Friday, October 22, 2010

Long Live The King - of Smut !

Harold Robbins was a joy to your mother and father, or maybe even to your grandmother and -father, because he brought dirty books out of the closet and onto their nightstands in the late 1940s and throughout the 50s and 60s. He styled himself as a Jewish orphan raised in a Catholic boys’ home, when in fact he was a nice Jewish boy, ne Harold Rubin, raised by his pharmacist father and stepmother in Brooklyn. It is true that he was a supreme hedonist, a skirt chaser and catcher, a coke head, and a gambler. It’s even true that he gambled with Aristotle Onassis. But, what can you expect from an individual who sold over 750 million books ? And liked the finer things of life ?  Although it’s been said that he - like so many others - squandered his talent by writing what he did, the orgies at his mansions in Beverly Hills, Acapulco, and France, added to his star on the Hollywood Walk of Fame must have been a small compensation for the criticism.


Some of Robbins’ books were made into movies: “King Creole” started life as A Stone For Danny Fisher, and wound up as a movie with The (Other) King; Howard Hughes turned into George Peppard in “The Carpetbaggers”; and the lonely lady herself - Pia Zadora - starred in what else but “The Lonely Lady.”  Although not heavily collected, Robbins’ first few books command quite a nice price. All prices are for hardbound 1st editions, a fine condition book in  a fine condition dust jacket:

    - Never love a stranger   Knopf, 1948  1st Edition.
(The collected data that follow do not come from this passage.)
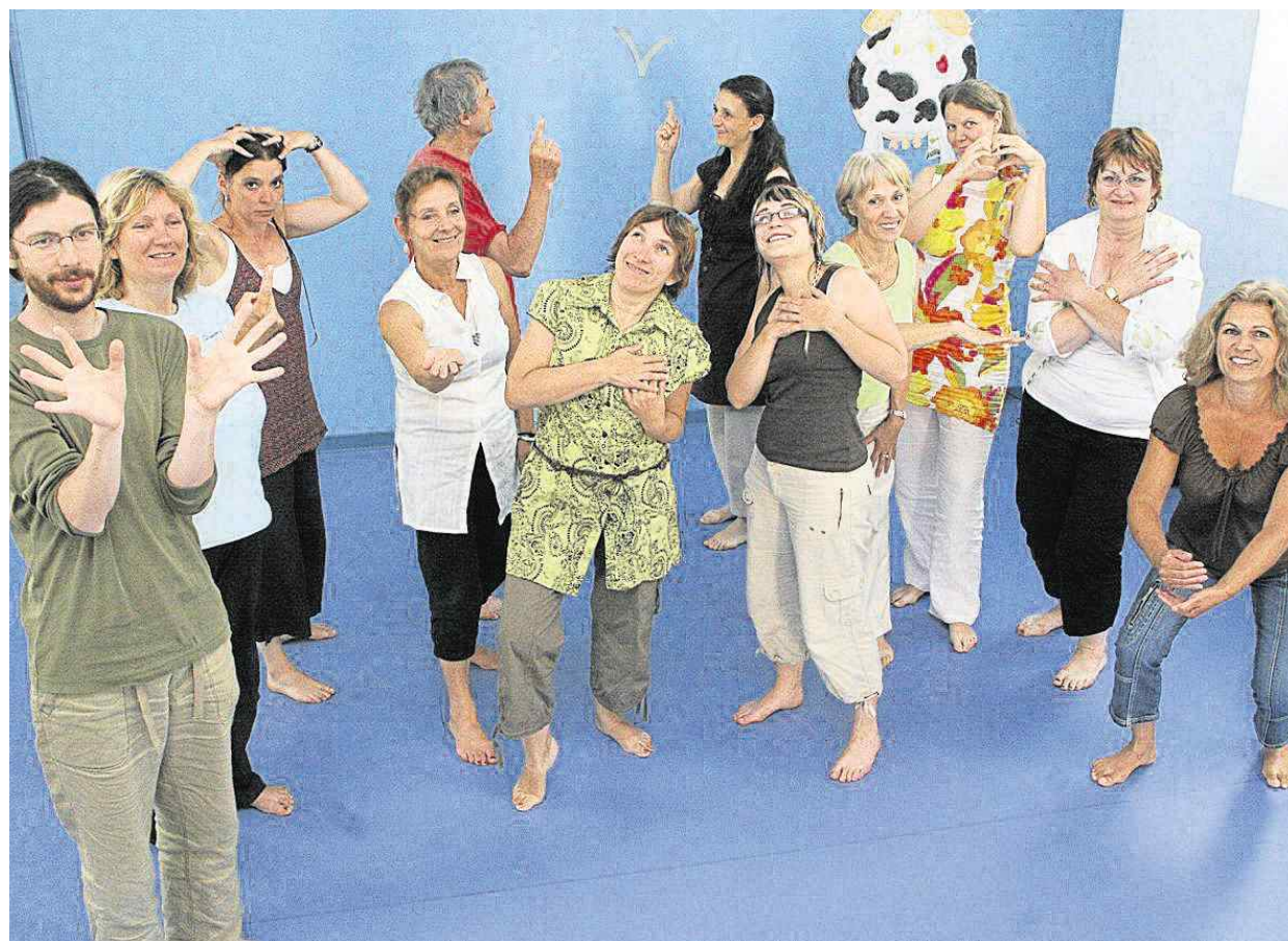
Pour l'instant, on mime un proverbe. Trois mimes pour un proverbe, c'est encore plus drôle quand on échange avec celui du voisin.

Les doigts sont des petits marteaux qui frappent le crâne ? « Écoutez les vibrations ! » Sur la gorge, les mains ressentent les résonances de la voix, selon qu'elle est haute ou basse. Le rapport avec le conte ? Comme le corps, « une histoire mérite d'être explorée. Et le conte est également une symphonie », explique Philippe Sizaïre en souriant. « On peut chuchoter, monter la voix, varier le volume. » À chacun de devenir son propre chef d'orchestre.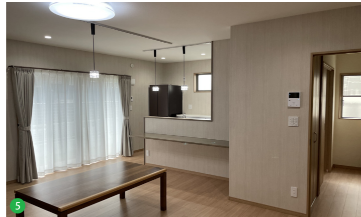
5 家事が楽になる回遊動線に設置されたキッチン。キッチン正面に設置されたカウンターと、それを照らすおしゃれなペンダントライトが周囲を美しく演出します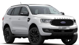
Peal White 珠光白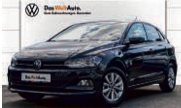
POLO 1.0 TSI 6-GANG HIGHLINE

21.549 km | EZ: 07/2021 | 81 kW/110 PS Farbe: Uranograu Ambientlicht, Berganfahrassistent, Einparkhilfe vorn/hinten, LMR 15", LED-Heckleuchten, Sitzheizung, virtuelles Cockpit, 2-Zonen-Klima, Navi, USB-C-Anschlüsse, Sportsitze uvm.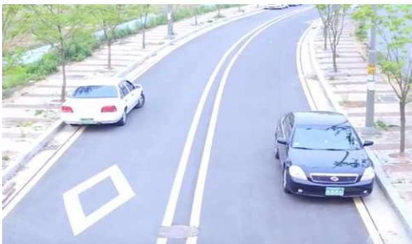
그림 3. 무인항공기를 활용한 개인 차량 정보 촬영[9]

아래 그림 3 에서와 같이 무인항공기를 이용한 차량 번호 불법 촬영으로 이를 통한 자동차 위치추적, 사용자 이동경로 등 개인정보의 불법 촬영 및 이러한 정보의 제3자에게 전달/활용되어 개인에게 불필요한 접근이 가능하며, 이에 대한 운전자의 피해가 증가 될 수 있다.[5]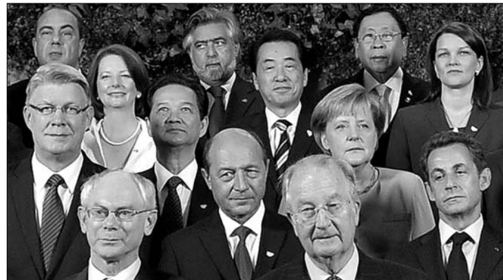
Traian Băsescu lerövidítette brüsszeli utazását, fél nap után hazatér.

Az ASEM 1996. évi létrehozásával az uniónak az volt a célja, hogy számot vessen az ázsiai országok növekvő gazdasági és politikai befolyásával. ◀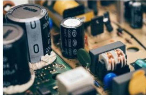
Gambar 4. kapasitor

Komponen elektronika adalah elemen dasar yang membentuk rangkaian elektronika dan memungkinkannya berfungsi sebagaimana mestinya. Komponen-komponen ini dapat menempel langsung pada papan rangkaian atau terhubung melalui kabel. Setiap komponen memiliki fungsi tersendiri dalam rangkaian, seperti mengatur arus dan tegangan, menyearahkan arus, atau memperkuat sinyal.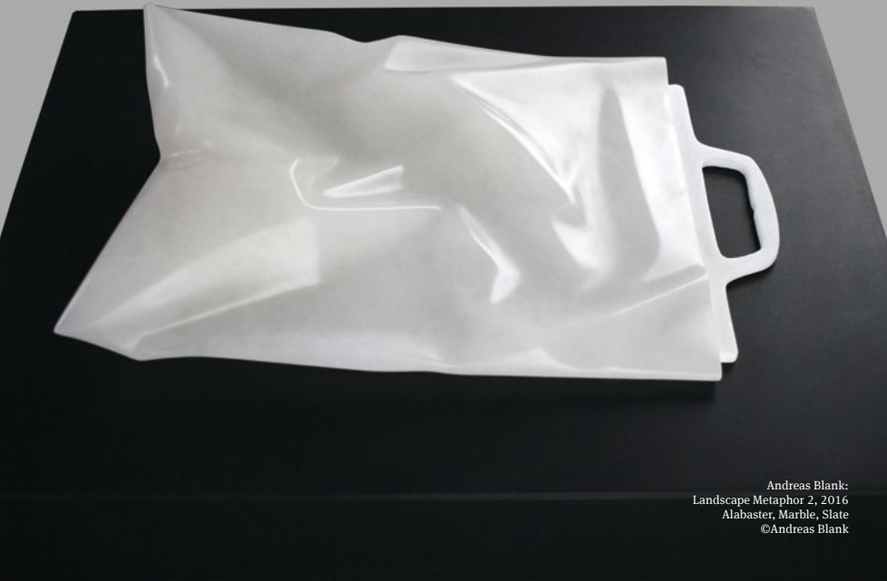
Andreas Blank: Landscape Metaphor 2, 2016 Alabaster, Marble, Slate ©Andreas Blank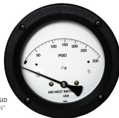
Модель 124 Давление 0-300 PSID Круговая шкала 4 1/2"

Опционная указательная стрелка максимального давления обеспечивает автоматическое указание максимального перепада, возникающего в промежутке времени или в системном цикле.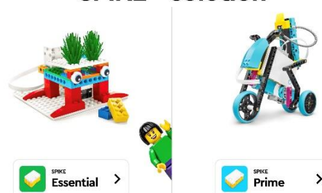
Figura 1: Primeiro Tela de aplicativo Lego Spike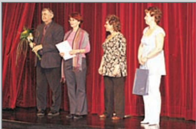
Je zahájeno! Během čtyř dnů diváci zhlédli dvanáct divadelních inscenací.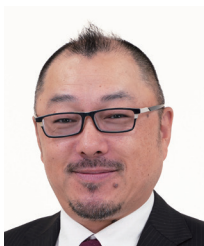
山梨県倫理法人会 副事務長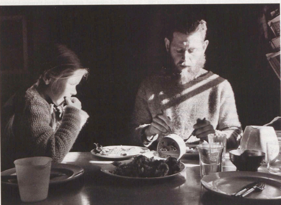
Mirjam-tyttären kanssa kala-ateriaalla kotona Kuhmoisissa 1969.

Itäisen ja öisin hän yritti kirjoittaa lupaamiaansa osia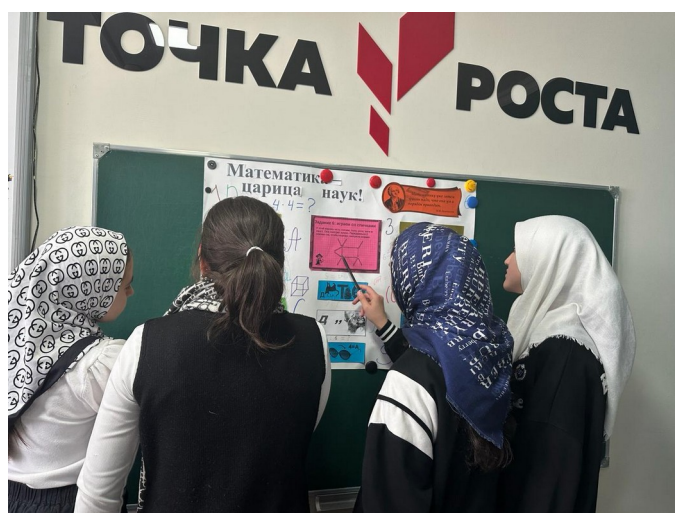
Решение головоломок и кроссвордов.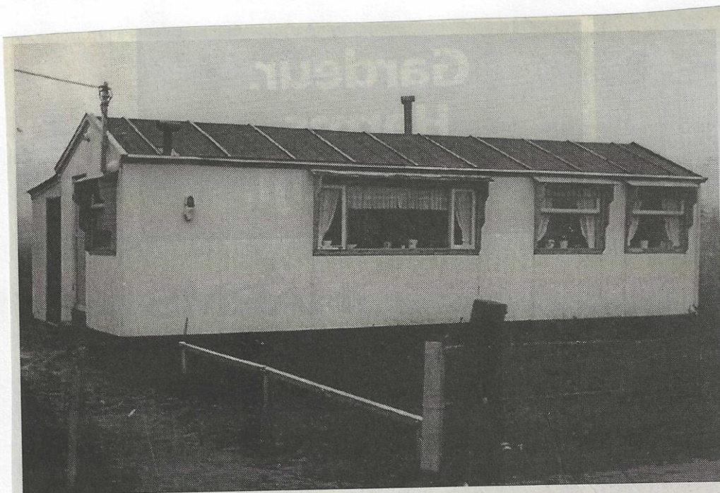
Salonwagen gebruikt als noodwoning aan de Wopkeloane 9n, Harkema, plm. 1965.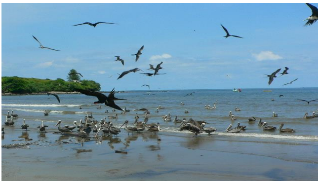
Brown Pelicans en Magnificent Frigatebirds bij Laguna Sontecomapan

Stichting Vogelreizen adviseert om o.m. het volgende mee te nemen: verrekijker en, indien in uw bezit, 'n telescoop!, zodat u zelf goede en gedetailleerde beelden kunt krijgen van de waargenomen vogels, camera/telelens, een goede vogelgids, kleding voor vooral warm weer, open wandelsandalen, wandelschoenen, zitmatje, drinkbeker, parapluutje, zonnebrandmiddel, hoofddeksel en mobiele telefoon.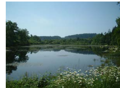
Etang de Faux-la-Montagne

His first book.   $ 850.00  
                                          Signed by Robbins: $ 2000.00
    This one was the basis for the 1958 film, starring Steve McQueen and
    John Drew Barrymore.


    - The Dream merchants   Knopf, 1949  1st Edition. His second book. $ 85.00  
                                          Signed  $125.00


    - A Stone For Danny Fisher  1951  Knopf, 1951 1st edition. $150.00 - $225.00

One can only wonder what Laurell K. Hamilton or Anne Rice’s vampire smut will sell for fifty years from
now ! Or, as Robbins said in  Stiletto (1960) :

        “She's got a good clean figure,” the produced said.
        “Not enough tits for me,“ the pratfall kid chortled. “I'm a T-man, myself.”